There’s more accuracy in anticipating the average behavior across multiple data points than the unique behavior of a single data point.

There are two scatterplots of rides (y-axis) vs temperature (x-axis). Both display the original 500 data points. The left scatterplot is superimposed with a very short vertical line at a temp_feel of 75 -- it ranges from roughly 3800 to 4100 rides. The right scatterplot is superimposed with a much wider vertical line at a temp_feel of 75 -- it ranges from roughly 1500 to 6500 rides.

95% posterior credible intervals (blue) for the average ridership on 75-degree days (left) and the predicted ridership for tomorrow, an individual 75-degree day (right).

Posterior prediction with rstanarm

Simulating the posterior predictive model from scratch allowed you to really connect with the concept, but moving forward we can utilize the posterior_predict() function in the rstanarm package:

# Simulate a set of predictions
set.seed(84735)
shortcut_prediction <- 
  posterior_predict(bike_model, newdata = data.frame(temp_feel = 75))

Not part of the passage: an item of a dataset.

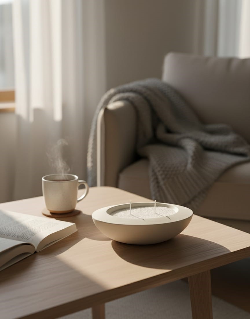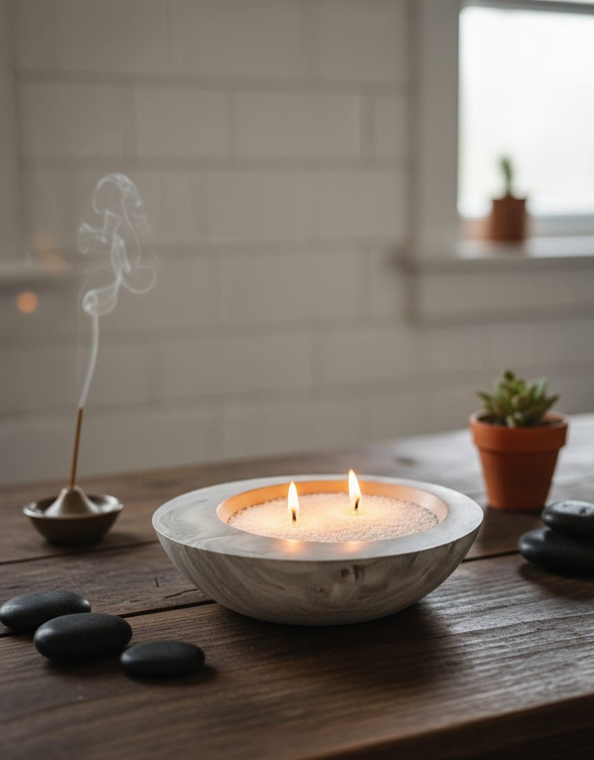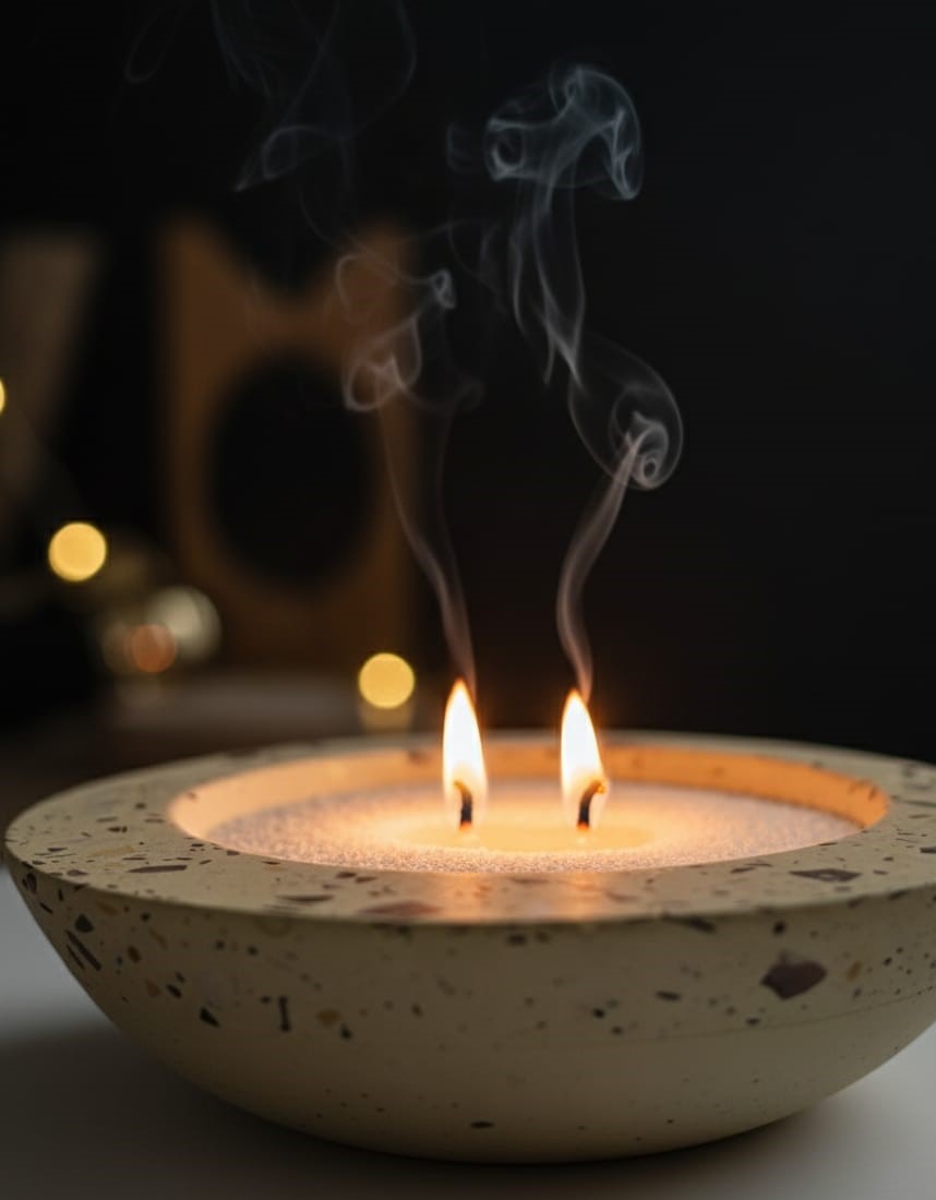 נר "זן נורדי" הוא שילוב מושלם בין עיצוב מינימליסטי וטקסטורה טבעית.

The shortcut_prediction object contains 20,000 predictions of ridership on 75-degree days. We can both visualize and summarize the corresponding (approximate) posterior predictive model using our usual tricks. The results are equivalent to those we constructed from scratch above:

# Construct a 95% posterior credible interval
posterior_interval(shortcut_prediction, prob = 0.95)
      2.5%    97.5%
1 1492.331 6502.669
# Plot the approximate predictive model
mcmc_dens(shortcut_prediction) + 
  xlab("predicted ridership on a 75 degree day")

A density plot of the predicted ridership on a 75-degree day. The density plot is bell-shaped, centered at roughly 4000 rides, and ranges from roughly 1000 to 7000.

Posterior predictive model of ridership on a 75-degree day.